*** Opening of Supplied data ***

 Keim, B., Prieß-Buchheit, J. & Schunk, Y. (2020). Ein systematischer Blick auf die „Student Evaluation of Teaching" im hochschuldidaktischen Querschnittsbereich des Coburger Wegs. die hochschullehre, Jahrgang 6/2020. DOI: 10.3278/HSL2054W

*** Close of Supplied data ***
*** Opening of Supplied data ***

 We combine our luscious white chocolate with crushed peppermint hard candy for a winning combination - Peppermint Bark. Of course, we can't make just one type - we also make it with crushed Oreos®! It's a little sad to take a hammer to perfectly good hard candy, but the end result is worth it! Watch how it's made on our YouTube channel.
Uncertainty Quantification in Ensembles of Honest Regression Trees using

*** Close of Supplied data ***
*** Opening of Supplied data ***

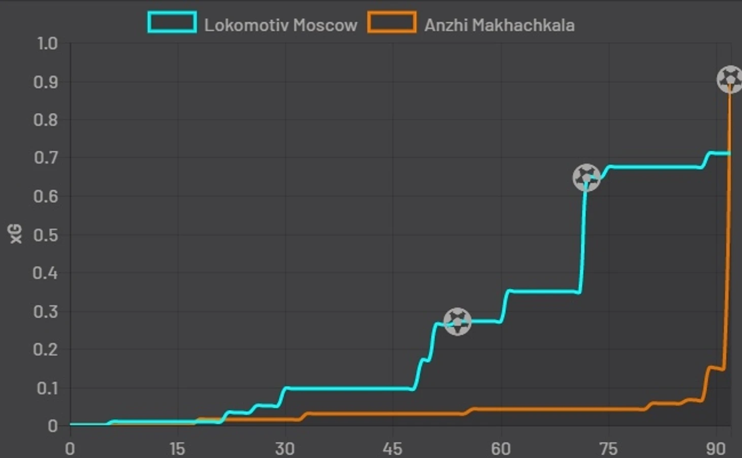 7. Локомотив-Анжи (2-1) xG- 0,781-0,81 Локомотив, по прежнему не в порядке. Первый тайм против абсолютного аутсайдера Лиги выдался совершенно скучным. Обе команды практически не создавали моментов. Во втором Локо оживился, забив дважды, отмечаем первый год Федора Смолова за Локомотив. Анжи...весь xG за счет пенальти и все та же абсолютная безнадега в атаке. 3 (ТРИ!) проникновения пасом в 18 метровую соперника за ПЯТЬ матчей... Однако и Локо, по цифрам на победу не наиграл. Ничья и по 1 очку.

*** Close of Supplied data ***

What is required: Give back exactly the lines above starting at the line where "We combine our" appears and ending at the line where "Uncertainty Quantification in" appears, both included, with no other lines.

Answer space:
 We combine our luscious white chocolate with crushed peppermint hard candy for a winning combination - Peppermint Bark. Of course, we can't make just one type - we also make it with crushed Oreos®! It's a little sad to take a hammer to perfectly good hard candy, but the end result is worth it! Watch how it's made on our YouTube channel.
Uncertainty Quantification in Ensembles of Honest Regression Trees using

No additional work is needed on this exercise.